Carson lists reduced latent inhibition, novelty seeking, and neural hyperconnectivity under shared vulnerabilities of creativity and psychopathology; and low IQ, working memory deficits, and perseveration as risk factors. Protective factors include high IQ, working-memory skills, and cognitive flexibility. In discussing shared vulnerabilities, Carson mentions that creative people may depend on these to enhance their work, but may also use them to work through their psychopathy.

Learning to interpret the potentially inappropriate signals a highly creative person receives in new or different ways might allow that person to successfully remain medication-free. For example, someone with BD could feel as though they experience a flight of ideas, or that their thoughts are going very quickly. They could practice reining in these ideas/thoughts with mindfulness exercises; the goal being able to identify an idea, hold onto it long enough to create something, then move on to the next idea without getting distracted by competing thoughts or urges.

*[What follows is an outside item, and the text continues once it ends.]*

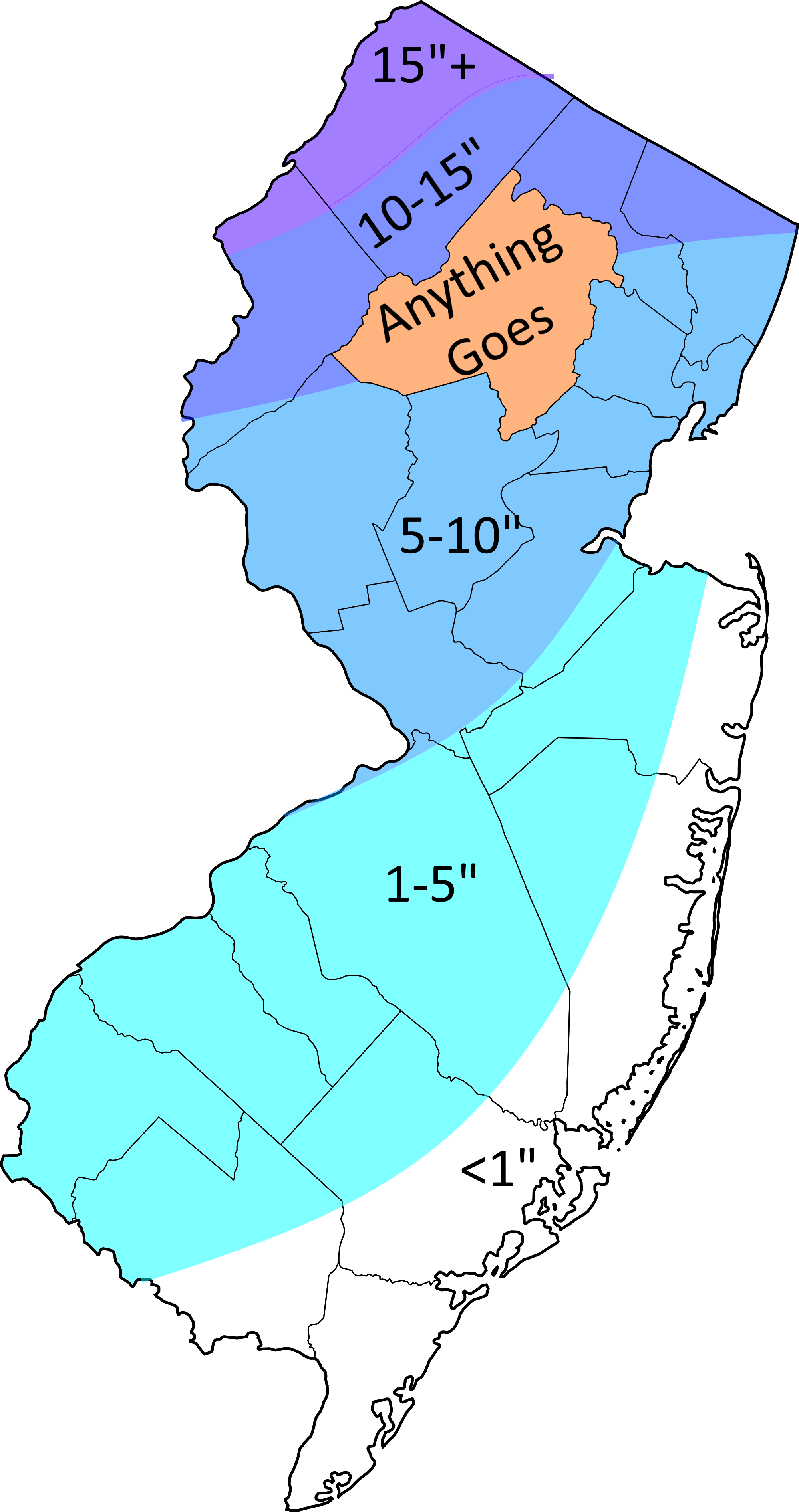 How most snow maps of New Jersey look like as a Morris County resident [OC?]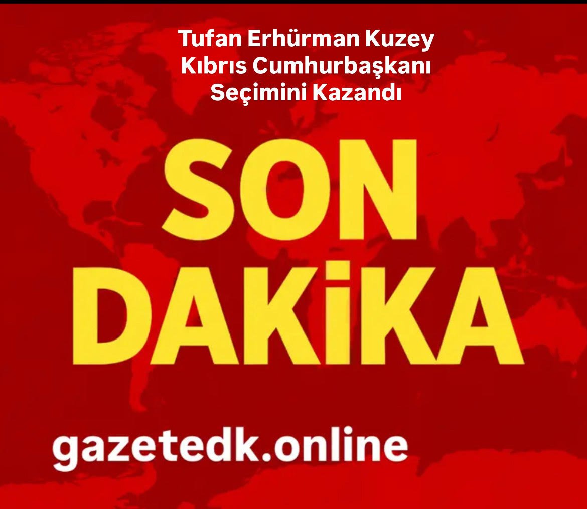 Kuzey Kıbrıs Türk Cumhuriyeti’nde bugün yapılan cumhurbaşkanlığı seçimlerini Tufan Erhürman kazandı. Seçimde oyların yaklaşık %62,8’ini alan Tufan Erhürman, mevcut Cumhurbaşkanı Ersin Tatar’ı geride bıraktı.

If someone is unable to manage their symptoms effectively without medication, keeping their creative impulse may weigh too heavily against simply being able to function in life. No matter what kind of contribution, if any, they’ve made to their field, safety and functionality is more important than the pursuit of creativity. If only temporarily, a medication regime should be kept to until a person can learn to control their symptoms.

Carson – Shared vulnerability

Carson, S.H. (2011). Creativity and psychopathology: A shared vulnerability model. Canadian Journal of Psychiatry, 56(3), 144-153.